@@cflhardcorekid Yeah I know, but that's what got me interested in computers. Currently running an i7-12700k and an Arc A770 16GB LE GPU. Thanks for sharing.
This presentation looks like it was put together the day before and like it was meant for shareholders. Stumbling over her words. Excluding the tech itself this was awful marketing.
Also I just sold all my Intel stock today, firing Pat with no clear replacement just shouts poor management aswell as this shareholders presentation. AMD with Dell eating more out of client too. There are some really smart and talented engineers working at intel and maybe 18A will workout. I hope it does, but I can't stick with a company that has no 'story' or clear plan.
Compare with NVDC and AMD's presentations, Intel's one was not as juice as others. In addition, INTC's annual report and this presentation were saying generic things like "we are good", we are hardworking" etc. . We saw another Steve Jobs on stage in NVDC's CES keynote while we see very generic presentation in INTC. Hope they can make keynotes and reportes to be more tangible and persuasive next time. Your ball is big, don't drop again.
What a boring, pathetic presentation. A zombie show. That won't create any inspiration and harms the business of Intel. As a Intel user since 40 years I hope they will find a charismatic and capable CEO who is able to turn things around.
How do they have absolutely no vision for the future? They seem to be completely surrendering to nvidia. They aren't even trying to compete in the AI space...... Their manufacturing doesn't mean anything if they have nothing of value to manufacture.

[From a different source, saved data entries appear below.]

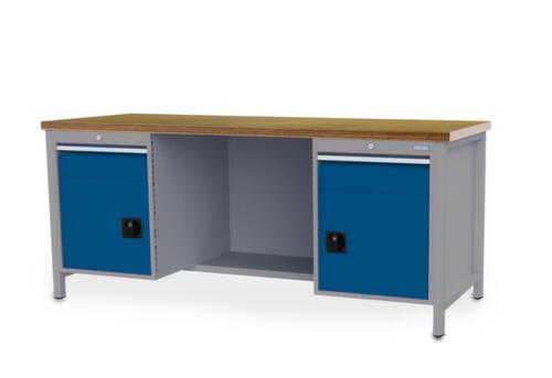 4-voetonderstel. Uitrusting: 2 laden, 2 kasten, 1/2 legbord. Links 1 lade, 1 kast. midden 1/2 legbord. Rechts 1 lade, 1 kast. laden hoogte 2x150 mm. nuttige afmetingen lade breedte x diepte 600 x 600 mm. draagvermogen per lade 100 kg. laden met kogelgelagerde wielgeleiding, uittrekbaar legbord 100 %. laden met sleuven voor opname van indelingsmateriaal. met De enkele uittrekstop voorkomt dat meerdere laden tegelijk worden geopend en voorkomt omvallen. greeplijst. beletteringsstrook. afsluitbaar met cilinderslot. constructie van staal.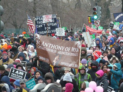 More than 500,000 thousand marchers braved the snow and winter temperature in the low 20s to publicly profess their conviction that the life of the unborn child is sacred and therefore has value.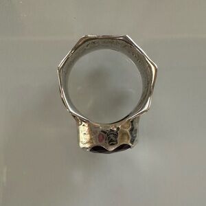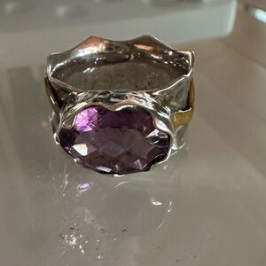 Arya Design Signed 925 Sterling Silver Gold Amethyst Hammered Boho Ring Size 8
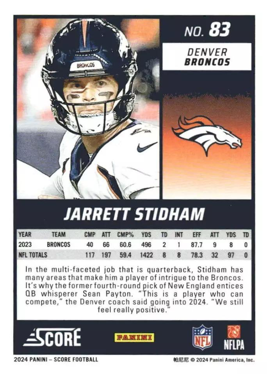2024 Panini Score Football Jarrett Stidham Denver Broncos #83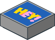 3070bp15.dat - Tile 1 x 1 with Bright Pink and Yellow "HEY!" on Blue Background Pattern

Hello intel, i want to say this to you What if you made a cpu with a peltier module and fixed problems because alot intel users is switching to amd and made a core with alot of thread and core i think of intel failed snd bankrupt amd will buy intel. And what if you outrun amd threadripper, i think you eill make a cpu with 455 threads and 295 cores i thinkits impossible to research it and i dont want to see intel lose and can you make the intel gens like the socket not requiring to upgrade to I3 - i9 because the intel user are switching to amd again about The am4. Please respond.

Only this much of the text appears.